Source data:
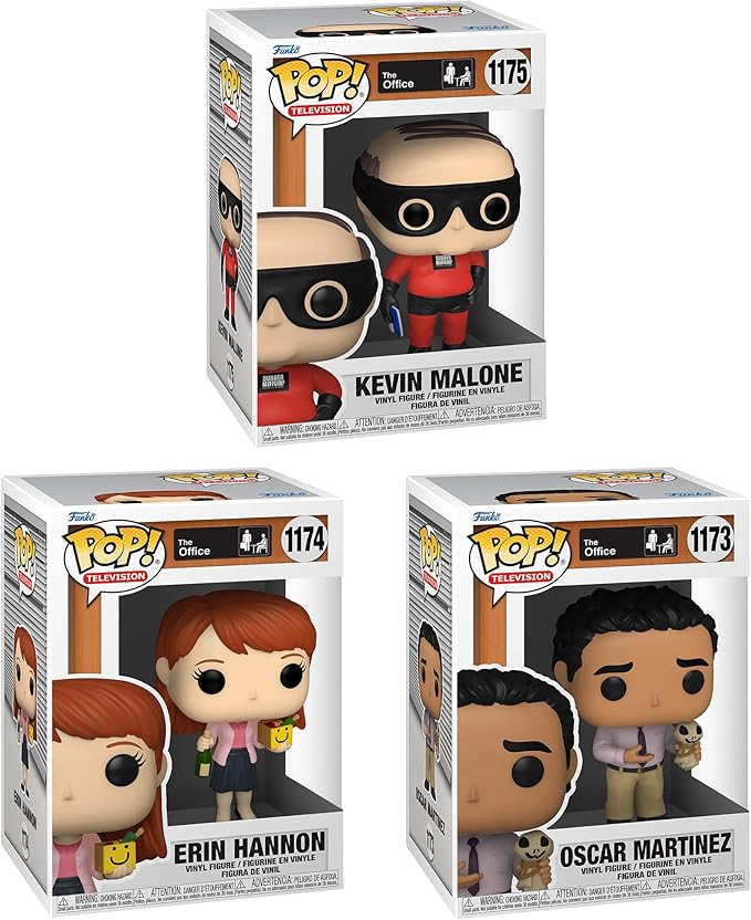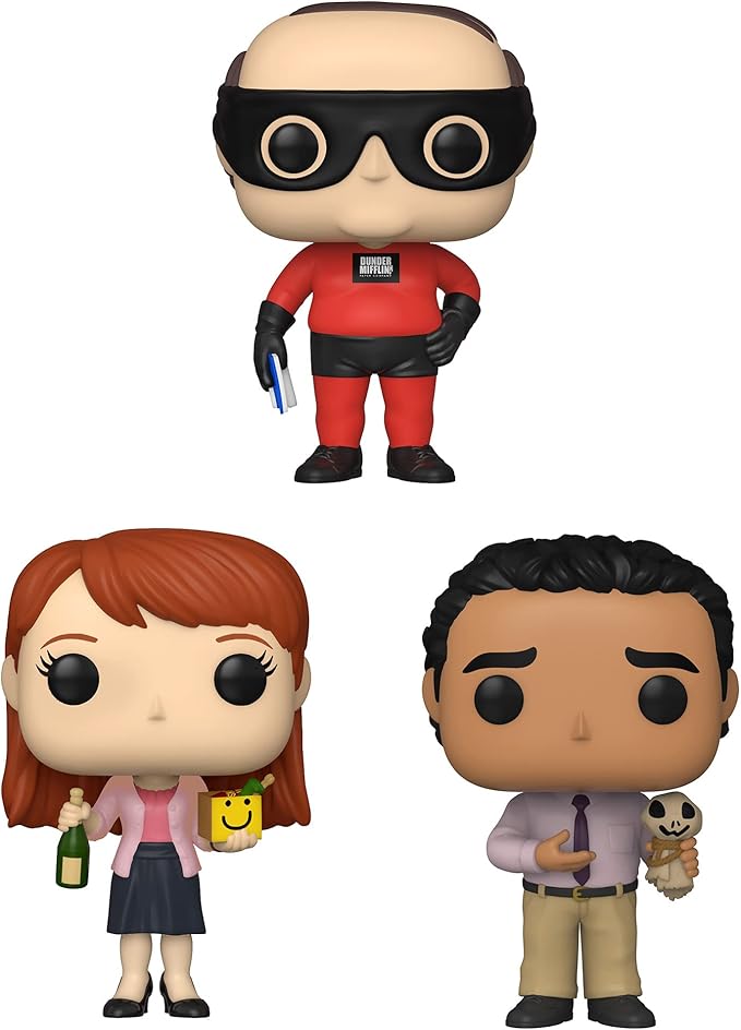 - Includes: Erin with Happy Box & Champagne, Kevin as Dunder Mifflin Superh, Oscar with Scarecrow Doll.
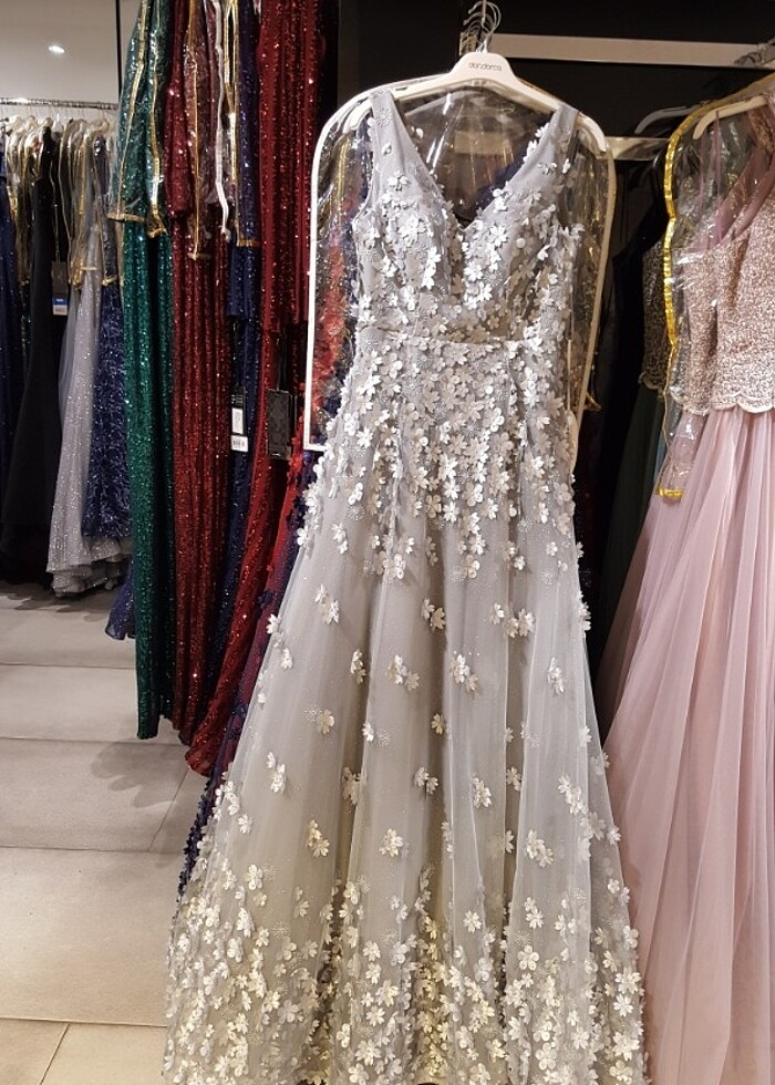 Nişan için 1 kere giyildi hiçbir yırtık sökük yok gri olan elbisedir tasarım bir elbise ver 3 boyutlu çiçekleri var üstünde
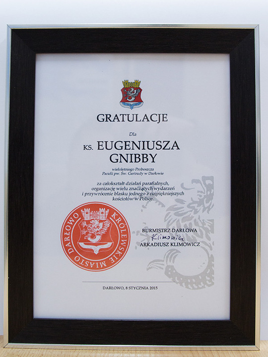Za całokształt działań parafialnych, organizację wielu znaczących wydarzeń i przywrócenie blasku jednego z najpiękniejszych kościołów w Polsce.
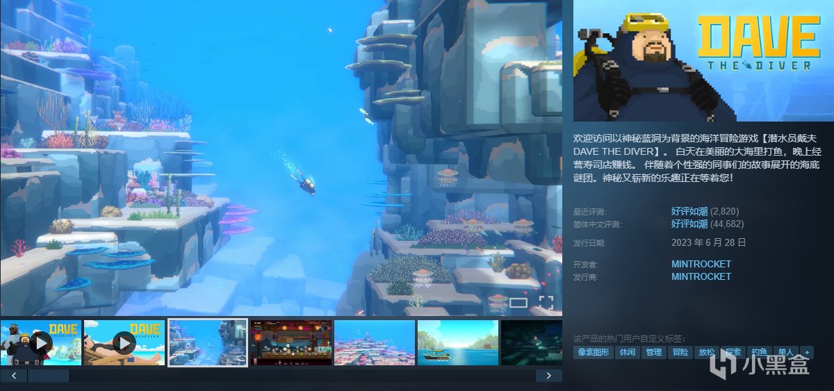欢迎访问以神秘蓝洞为背景的海洋冒险游戏【潜水员戴夫 DAVE THE DIVER】。 白天在美丽的大海里打鱼,晚上经营寿司店赚钱。 伴随着个性强的同事们的故事展开的海底谜团。神秘又崭新的乐趣正在等着您!
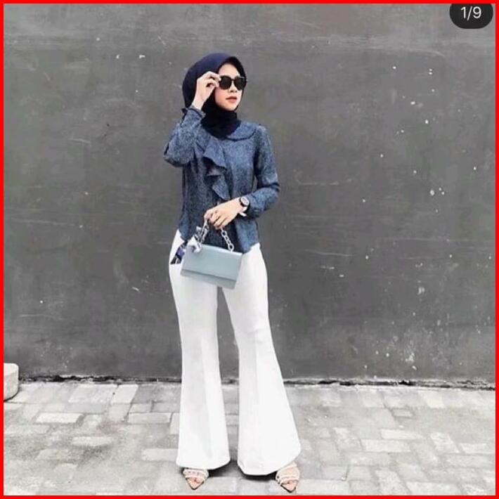 Cutbray Scuba Melar Celana Wanita Panjang Hitam Casual Dewasa Cewek Karet Formal Kantor Nyaman Kulot Stretch Kerja Putih
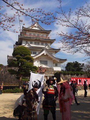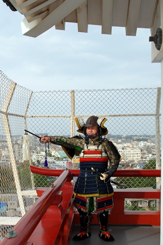千葉氏の歴史を学んだ後に、甲冑を着て“城主”に変身、天守閣から“城下”を眺めたり、“わが城”と記念写真を撮ったり。最後は博物館向かいのいのはな亭でお団子に舌鼓。
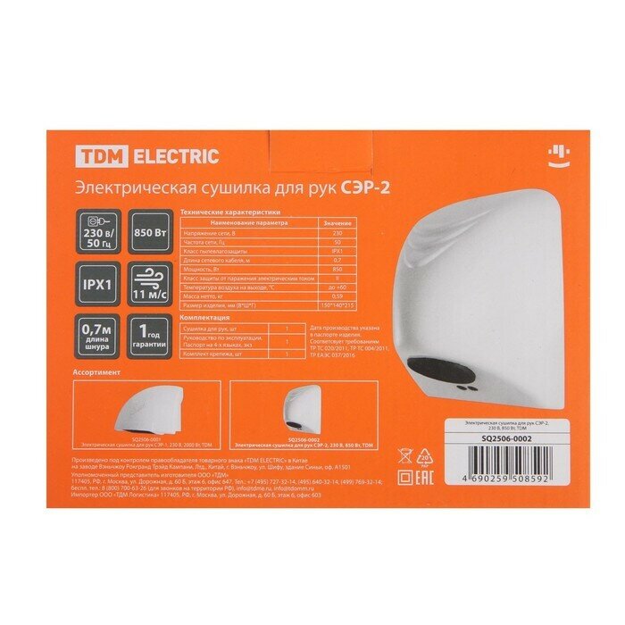 Сушилка для рук Tdm Electric СЭР-2, 230 В, 850 Вт интересное:
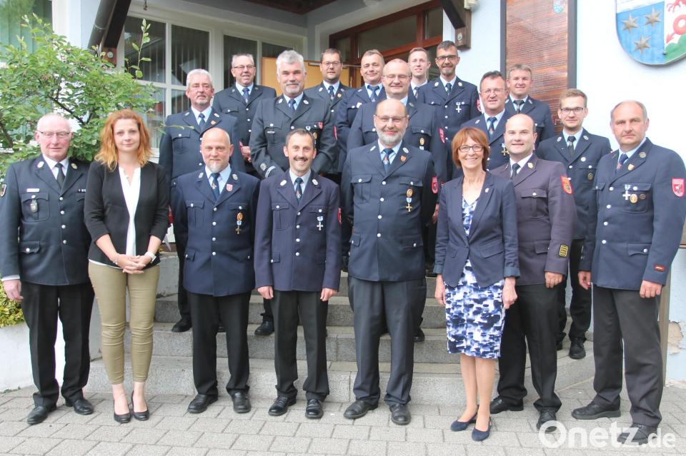 Dazu kamen die „Silberjubilare“ Helmut Piehler (Brünst), Günther Kraus junior, Petra Winklmann (Neudorf), Ringo Haase und Tobias Schönberger (Neuenhammer). Sie stehen seit 25 Jahren sozusagen „im Brennpunkt“.
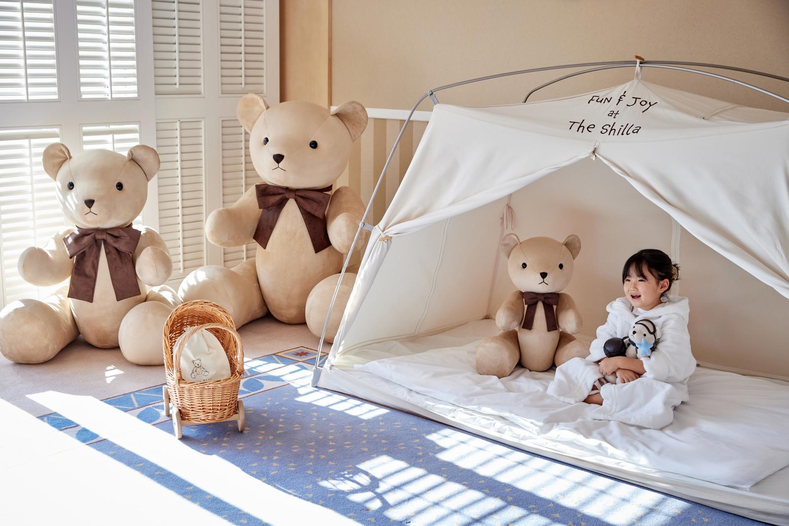 신라베어 테마룸은 호텔 내 단 2개 객실만 운영되는 한정 객실로, 가족 고객 선호도가 높은 정원 전망 스위트 객실에 조성됐다. 객실에는 아이들이 좋아하는 키즈 텐트를 설치하고, 소·중·대형 신라베어 인형과 신라베어 자수 쿠션, 신라베어 자수 키즈 욕실가운 등 신라베어 테마 소품을 비치해 아이 눈높이에 맞춘 공간으로 완성했다.
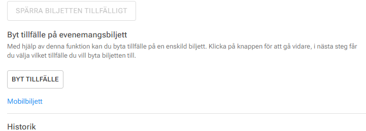 Om biljetten är kopplad till evenemangsbiljetter där det finns fler tillfällen kan man flytta biljetten till ett annat tillfälle med knappen Byt tillfälle.
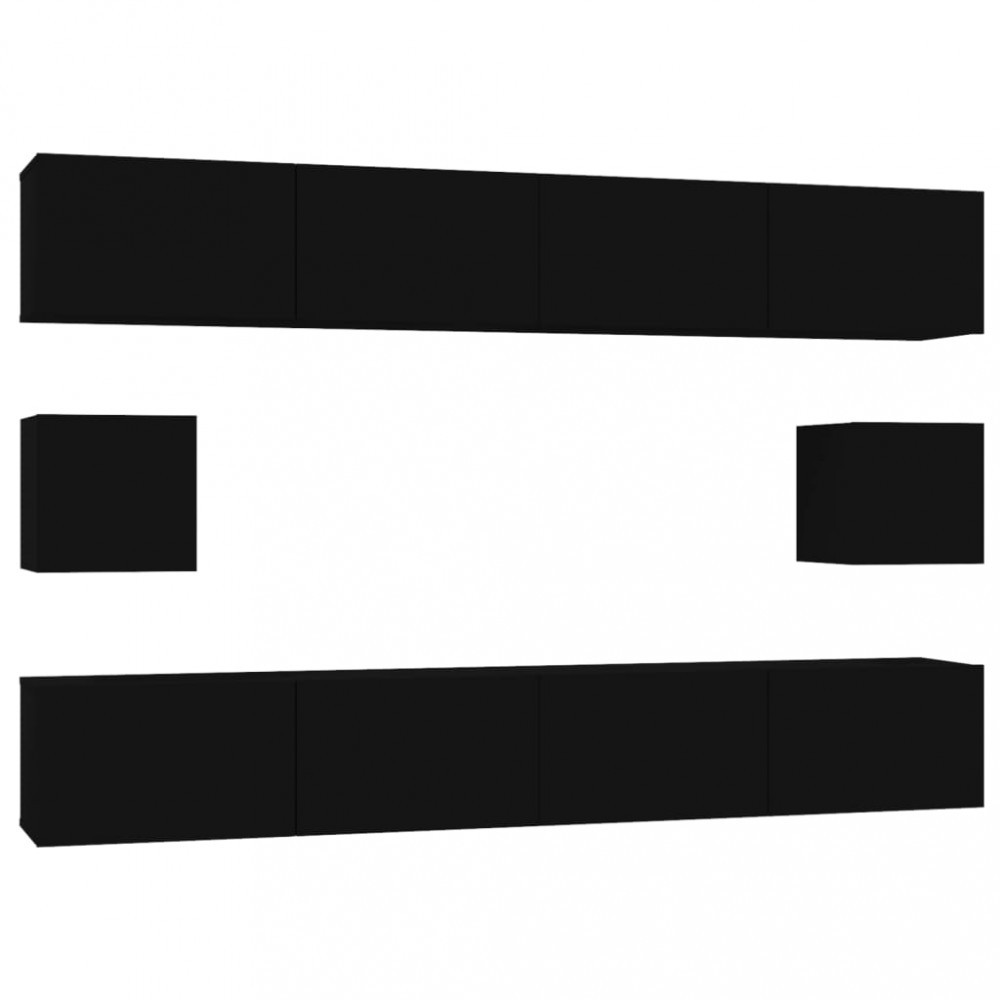 Set dulap TV, 6 piese, negru, lemn prelucrat
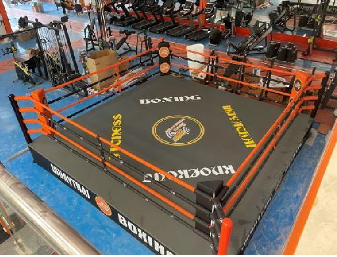 - Sàn và đệm góc: Sàn được thiết kế chắc chắn an toàn không lồi lõm, phù hợp với 4 cột góc, các cột góc đài được bọc lót tốt để không gây chấn thương cho các vận động viên. Bốn trụ góc đài cao 2,442mm, khung gia cố chịu lực. Hệ thống khung sàn, các cột góc bằng hệ thống khung sắt được sơn tĩnh điện.
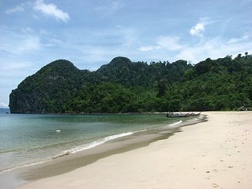 Ein kleiner Sandstrand umrahmt von Palmen, dahinter schliesst eine riesige Felsenwand die
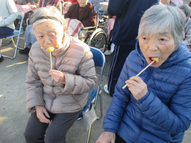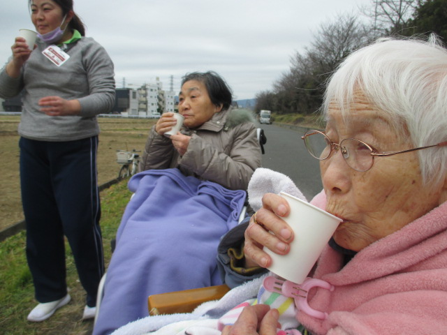 どんど焼きとは小正月の行事で、正月の松飾りや注連縄、書初めなどを家々から 持ち寄り、一か所に積み上げて燃やすという、日本全国に伝わるお正月の 火祭り行事です。 愛甲グリーンホームでは、地域の自治会のどんど焼きと、玉川グリーンホームで 行われたどんど焼きに参加してきました。 どんど焼きの火にあたったり、焼いた団子を食べれば、その1年間健康でいられると 言われております。 今年もみなさんがお元気に過ごせますように。
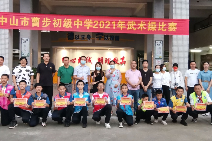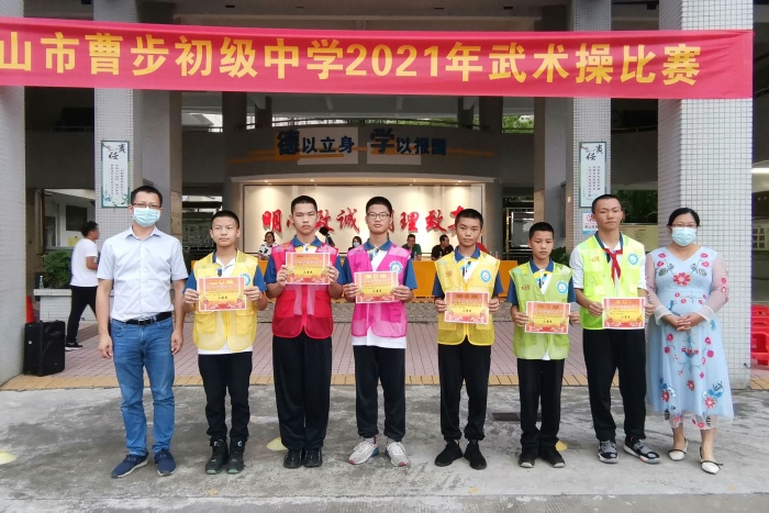 為了更好地促進曹步初級中學學生身體素質的提高,全面推行學校特色項目的發(fā)展,促進體藝2+2項目的建設,檢測初一、初二學生課間操的學習成果,以“習慣養(yǎng)成”為原則,規(guī)范學校管理,加強班風班貌和精神文明建設,加強德育、智育、體育的發(fā)展和合作,全面增強班級凝聚力,促進學風、校風建設,使課間達到規(guī)范化、熟練化、美觀化,2021年10月20日下午,曹步初級中學在中大堂前舉行了初一、初二級課間操行為規(guī)范比賽暨武術操比賽,本次活動由體育老師賀坤主持,初一初二全體同學和部分家長參加了本次活動,學校領導和部分家委擔任本次活動的評委。
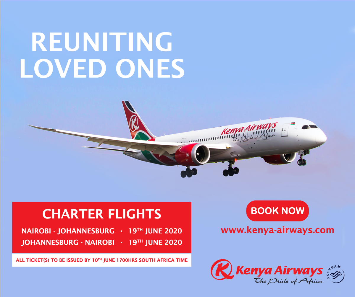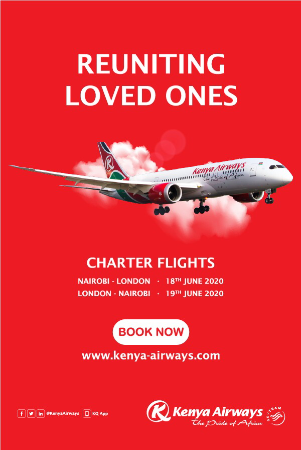 However has Kenya Airways now advertised two repatriation charter flights, one leaving Nairobi on the 18th of June to London Heathrow – where all passengers after arrival need to self quarantine for two weeks – and one on the 19th of June to Johannesburg.
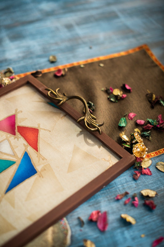 A Tiny Mistake Block Print Triangles Square Teak Tray withh Brass Handle Serving Tray
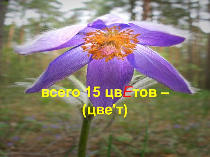 Слайд 20всего 15 цвЕтов – (цве'т)
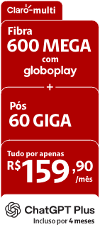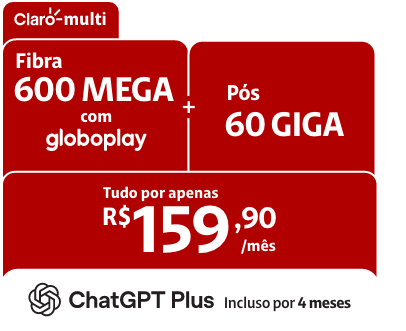 Dependendo da cidade e localidade, a rede fixa não é composta integralmente por fibra ótica: o trecho final de conexão é composto por cabos coaxiais; consulte os endereços com rede 100% fibra ótica. Oferta Chat GPT Plus grátis por 4 meses válida na contratação de 600 mega + Claro Pós 60GB no Multi (25GB + 25GB para redes e vídeos + 10GB de bônus) E/OU Box Claro tv+. Consulte disponibilidade técnica, condições de contratação desta oferta, ativação, condições de uso, resgate do voucher Chat GPT Plus e mais informações em https://claro-e.com/jQR2I ou ligue para 1052. 5G mais rápido com base em dados de Ookla® Speedtest Intelligence® do primeiro semestre de 2025. Mais informações sobre ChatGPT Plus acesse: https://claro-e.com/2BTfK
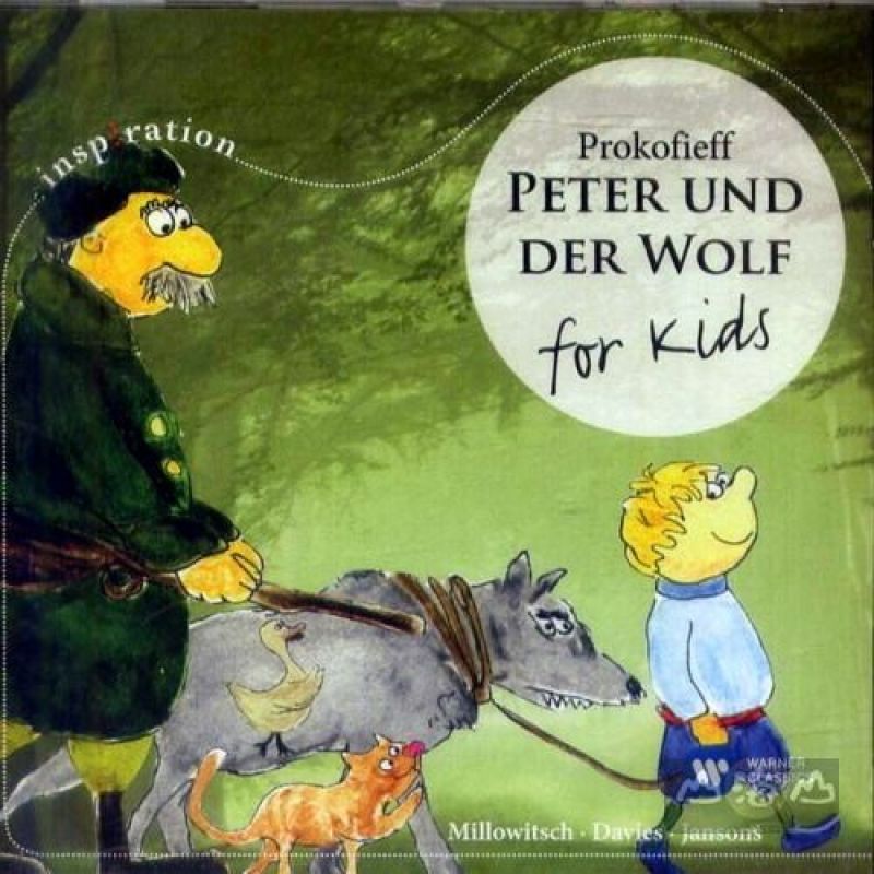 ★靈感時刻:親子共同聆賞的時光 「彼得與狼」是音樂史上少數真正為小朋友創作的古典音樂。俄國作曲家普羅高菲夫在一九三六年於俄國發表這套作品,故事也是由他所創作的,原來發表時就是要用管弦樂團演奏再加上旁白,來描述故事的進行。這是由當時蘇聯的中央兒童劇場委託普羅高菲夫創作的兒童交響曲,希望藉此能培養學齡兒童對音樂的品味,普羅高菲夫對這樣的題材很感興趣,連故事發想到劇本和創作配樂,前後只花了四天的時間,卻成為他畢生最常為人演出和聆聽的作品,雖然如此,此劇在一九三六年五月二日於莫斯科的首演卻非常不受到好評。此劇描寫小男孩彼得住在爺爺家,這是一處森林裡的空地。有天彼得到森林玩,忘了關上大門,家裡的鴨子因此跑出去池塘玩水,在這裡遇到一隻小鳥,兩人吵起來,彼得的貓也跟在後面,虎視眈眈,還好彼得趕到提醒小鳥飛走,鴨子也游進池塘。彼得爺爺回家後罵他不該到草地玩,因為會有狼。彼得卻回嘴說自己不怕狼。之後果然有大灰狼來,貓咪爬上了樹,鴨子卻被野狼吃掉。彼得躲在花園牆上,要小鳥幫他引開野狼的注意,他則趁機用繩子套住野狼尾巴,把狼綁在樹上。獵人見狀想射殺野狼,但彼得說服大家把狼送到動物園,一群人浩浩蕩蕩連同小鳥、彼得、獵人和老爺爺於是一起上路,前往動物園。旁白最後還提醒,注意聽,因為野狼一時情急,把鴨子活吞了下去,所以即使被吞下肚,鴨子還在呱呱叫。這份錄音是由美國指揮家戴維斯在一九九二年於德國波昂灌錄的。旁白者米洛維奇是以德文念這段故事,他在德國是非常知名的老演員,念故事時已經八十一高齡了,後來他就在八年後以九十歲過世。他是德國的戲劇世家出身,從十八世紀末家人就投入劇場界,他擁有德國著名的米洛維奇劇場,這是從一七九二年就創建有兩百年歷史的米洛維奇家庭劇場,到過科隆市的人都一定要參觀的古蹟和德國人文勝地。

▶ [What you will do]: Begin with the first line of the entries above and write out each line exactly, ending with the line containing "신라베어 테마룸은 호텔". Leave out pictures.

▶ [Task response]:
 - Includes: Erin with Happy Box & Champagne, Kevin as Dunder Mifflin Superh, Oscar with Scarecrow Doll.
 Nişan için 1 kere giyildi hiçbir yırtık sökük yok gri olan elbisedir tasarım bir elbise ver 3 boyutlu çiçekleri var üstünde
Za całokształt działań parafialnych, organizację wielu znaczących wydarzeń i przywrócenie blasku jednego z najpiękniejszych kościołów w Polsce.
欢迎访问以神秘蓝洞为背景的海洋冒险游戏【潜水员戴夫 DAVE THE DIVER】。 白天在美丽的大海里打鱼,晚上经营寿司店赚钱。 伴随着个性强的同事们的故事展开的海底谜团。神秘又崭新的乐趣正在等着您!
 Cutbray Scuba Melar Celana Wanita Panjang Hitam Casual Dewasa Cewek Karet Formal Kantor Nyaman Kulot Stretch Kerja Putih
千葉氏の歴史を学んだ後に、甲冑を着て“城主”に変身、天守閣から“城下”を眺めたり、“わが城”と記念写真を撮ったり。最後は博物館向かいのいのはな亭でお団子に舌鼓。
 Сушилка для рук Tdm Electric СЭР-2, 230 В, 850 Вт интересное:
 Dazu kamen die „Silberjubilare“ Helmut Piehler (Brünst), Günther Kraus junior, Petra Winklmann (Neudorf), Ringo Haase und Tobias Schönberger (Neuenhammer). Sie stehen seit 25 Jahren sozusagen „im Brennpunkt“.
 신라베어 테마룸은 호텔 내 단 2개 객실만 운영되는 한정 객실로, 가족 고객 선호도가 높은 정원 전망 스위트 객실에 조성됐다. 객실에는 아이들이 좋아하는 키즈 텐트를 설치하고, 소·중·대형 신라베어 인형과 신라베어 자수 쿠션, 신라베어 자수 키즈 욕실가운 등 신라베어 테마 소품을 비치해 아이 눈높이에 맞춘 공간으로 완성했다.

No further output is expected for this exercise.